This diary is part of a series written by multiple diarists taking part in the "Liveblogging the Civil War" project. From the introductory diary:
Now, here is our opportunity to act as kind of virtual re-enactors. We can discuss the issues, the battles, the news, as though it were happening right now and we were living through it. I think this could be a very fun way to explore our history and perhaps make it that much more accessible and realistic to us all. I suppose it would also make it the one little part of Daily Kos that's supporting our Republican president and opposing the Rebels and the Copperheads.
This and subsequent dispatches by this diarist are from Oba Mason, a resident of Ocala, Florida, and will relate his experiences as a transplanted Wisconsin native and self-professed "Union Man" living in the secessionist south.
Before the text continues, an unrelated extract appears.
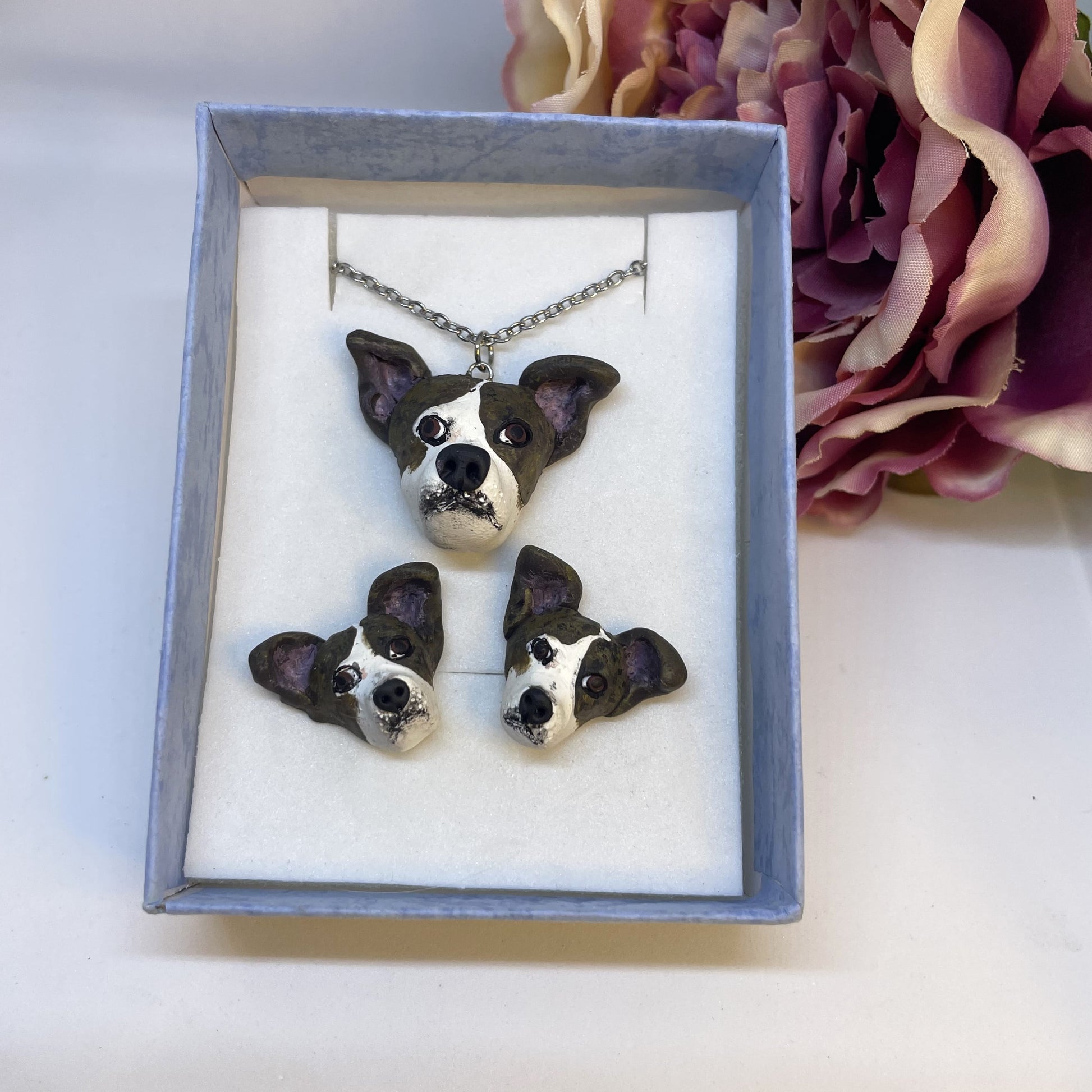 The pet faces are hand-sculpted into a pendant with an eyepin from polymer clay, then baked to harden. Depending on colours, some pets will also have details added with acrylic paint, before it is sealed.

Although Florida was the third state to secede from the Union, and played an important role in supplying the Confederacy with goods and soldiers, it was somewhat unique in that the Union held some ground in the state throughout the war. Thanks to quick thinking (and a decision not to wait for orders) on the part of its commander, Fort Zachary Taylor and the island of Key West it guarded remained in Union hands throughout the war, and the cities of Jacksonville, Fernandina and St. Augustine were captured by the Union early in 1862 and likewise remained Union-controlled cities for the remainder of the war. The Union also controlled the northern St. John's River from March 1862 onward, resulting in the wedge of land from the east bank of the St. John's to Florida's east coast becoming a haven for Union sympathizers, runaway slaves, and Confederate deserters.
Oba Mason's liveblog begins after the jump.
Sunday, April 21, 1861
Let me say at the outset that I love my adopted home of Ocala, Florida, in the heart of the state's big scrub country.
There is fresh air and abundant sunshine; a multitude of large artesian springs nearby whose cold, clear waters are most refreshing to swim in on the oppressively hot, humid days which are routine of the summer here; an incredible amount of game - deer, bear, panther, raccoons, huge fox squirrels - in the dense forests of pine, oak and palmetto surrounding our town; and an abundance of large fish in the many rivers and lakes of the region, which I have found in my leisure time to be excellent sport to catch, though one must take care when doing so not to rouse the ire of gigantic alligators, fantastical relics from the age of dinosaurs, which inhabit all bodies of water, large and small, in these parts.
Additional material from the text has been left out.